I am trying to do this by iterating over a vector and checking if the value I am looking at is greater than or equal to the max of the data up to this point. I can write a function for this, but I am struggling when I want to apply it to a grouped data frame.
Here is an example:
set.seed(32)
x <- data.frame(time = c(1:6),
value = runif(6))
> x
time value
1 1 0.5058405
2 2 0.5948084
3 3 0.8087471
4 4 0.7288197
5 5 0.1519876
6 6 0.9561873
#write a function to identify the records
#function takes an index
#checks whether the number at that index is greater than or equal to the maximum of the preceding values to that index
max_v <- function(index) {
output <- x$value[index] >= max(x$value[1:index])
output
}
#create the record variable
x$record <- sapply(1:nrow(x), max_v)
> x
time value record
1 1 0.5058405 TRUE
2 2 0.5948084 TRUE
3 3 0.8087471 TRUE
4 4 0.7288197 FALSE
5 5 0.1519876 FALSE
6 6 0.9561873 TRUE
The function works well.

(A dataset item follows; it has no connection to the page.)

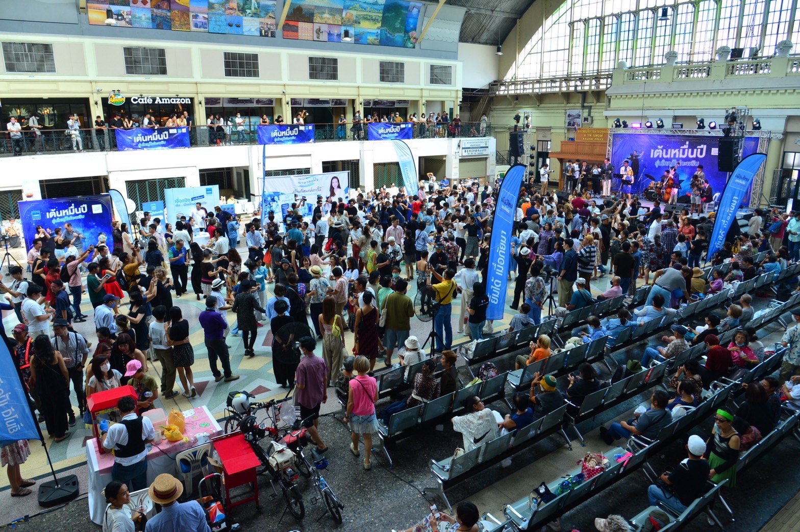 สำหรับภายในงาน “เต้นหมื่นปี รุ่นใหญ่ไฟกะพริบ” ณ สถานีรถไฟหัวลำโพง โดยทาง “การรถไฟแห่งประเทศไทย” ได้แปลงโฉมพื้นที่เป็น “ฟลอร์เต้นกลางเมือง” สร้างความสนุกสนานแก่บรรดาผู้เข้าร่วมกิจกรรมฯ ให้ออกมาแดนซ์สุดเหวี่ยงไปพร้อมกับ The Jelly Roll Dance Club และโชว์เปิดสุดจี๊ดจาก The Bobbin' Berries พร้อมด้วย The stumbling swing out ที่มาบรรเลง swing jazz กันแบบสดๆ นอกจากนี้ “มูลนิธิมาดามแป้ง” ในฐานะผู้ร่วมสนับสนุนงาน ยังใจดีเปิดเวทีประกวดการแต่งกาย ทั้งแบบเดี่ยวและแบบทีม โดยให้ประชาชนเข้าฟรี ไม่มีค่าใช้จ่าย เพื่อคนทุกวัยได้ทำกิจกรรม สร้างคอมมูนิตี้ร่วมกัน

However the challenge I am facing is that I want to apply this to a data frame grouped by the type
variable created below:
set.seed(32)
x <- data.frame(time = rep(c(1:6),2),
type = c(1, 1, 1, 1, 1, 1, 2, 2, 2, 2, 2, 2),
value = runif(12))
> x
time type value
1 1 1 0.5058405
2 2 1 0.5948084
3 3 1 0.8087471
4 4 1 0.7288197
5 5 1 0.1519876
6 6 1 0.9561873
7 1 2 0.7535377
8 2 2 0.8520623
9 3 2 0.6734418
10 4 2 0.3871255
11 5 2 0.6580025
12 6 2 0.3213696
What I want is:
> x
time type value record
1 1 1 0.5058405 TRUE
2 2 1 0.5948084 TRUE
3 3 1 0.8087471 TRUE
4 4 1 0.7288197 FALSE
5 5 1 0.1519876 FALSE
6 6 1 0.9561873 TRUE
7 1 2 0.7535377 TRUE
8 2 2 0.8520623 TRUE
9 3 2 0.6734418 FALSE
10 4 2 0.3871255 FALSE
11 5 2 0.6580025 FALSE
12 6 2 0.3213696 FALSE
I have tried group_map
and tapply
, but I can't seem to get intelligible results, as I don't know how to pass the vector of indexes that I want to apply/map over.
Upvotes: 0
Views: 37
Reputation: 887158
We can use split/unsplit
in base R
i.e. by slightly modifying the OP's function as x
is hardcoded into the function. Instead, pass a new argument dat
max_v <- function(dat, index) {
output <- dat$value[index] >= max(dat$value[1:index])
output
}
x$record <- unsplit(lapply(split(x, x$type), function(y)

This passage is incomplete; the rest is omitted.